Suppose a1, b1, c1, and d1 point to heap memory and code has the following loop.

const int n=100000;  
for(int j=0;j<n;j++){  
    a1[j] += b1[j];
    c1[j] += d1[j];
}

This loop is executed 10,000 times via another outer for loop. To speed it up, I changed the code to:

for(int j=0;j<n;j++){  
    a1[j] += b1[j];
}
for(int j=0;j<n;j++){  
    c1[j] += d1[j];
}

Compiled on MicroSoft Visual C++ 10.0 , the first example takes 5.5 seconds and the double-loop example takes only 1.9 seconds.

Why?

Imagine you are working on a machine where n was just the right value for it only to be possible to hold two of your arrays in memory at one time, but the total memory available, via disk caching, was still sufficient to hold all four.

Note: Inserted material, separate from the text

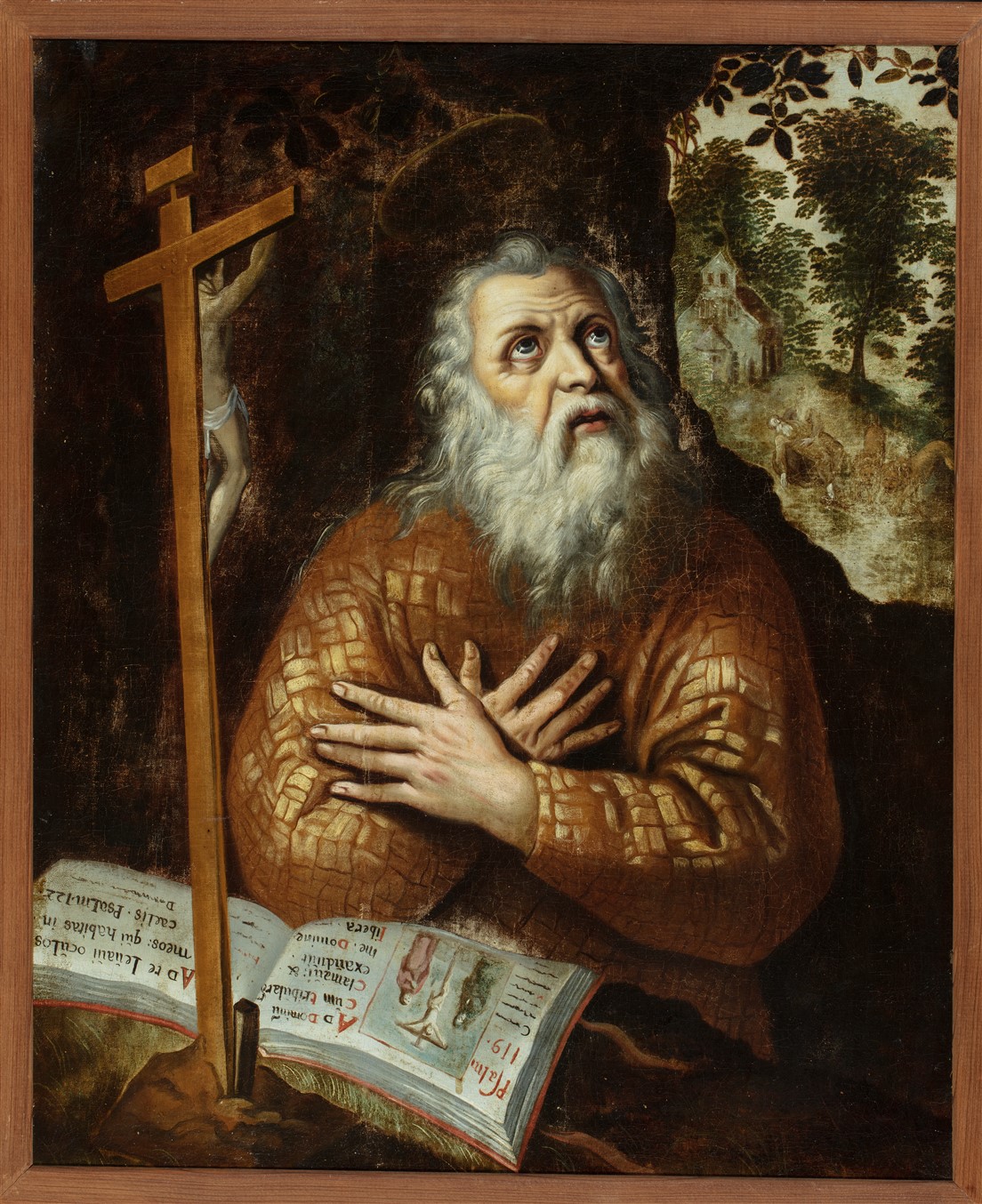 Op de linkerpagina van het boek ter weerszijden van een Kruisigingsvoorstelling: Psalm / 119: en: Ad dominu / cum tribularer / clamaui: & / exaudiuit • / me. domine / libera (Ps. 120:1-2. Tot de Heer in al mijn benauwdheid riep ik, en hij heeft mij verhoord. Heer, bevrijd ...). Op de rechterpagina: Ad te ...

Assuming a simple LIFO caching policy, this code:

for(int j=0;j<n;j++){  
    a1[j] += b1[j];
}
for(int j=0;j<n;j++){  
    c1[j] += d1[j];
}

would first cause a1 and b1 to be loaded into RAM and then be worked on entirely in RAM. When the second loop starts, c1 and d1 would then be loaded from disk into RAM and operated on.

the other loop

for(int j=0;j<n;j++){  
    a1[j] += b1[j];
    c1[j] += d1[j];
}

will page out two arrays and page in the other two every time around the loop. This would obviously be much slower.

You are probably not seeing disk caching in your tests but you are probably seeing the side effects of some other form of caching.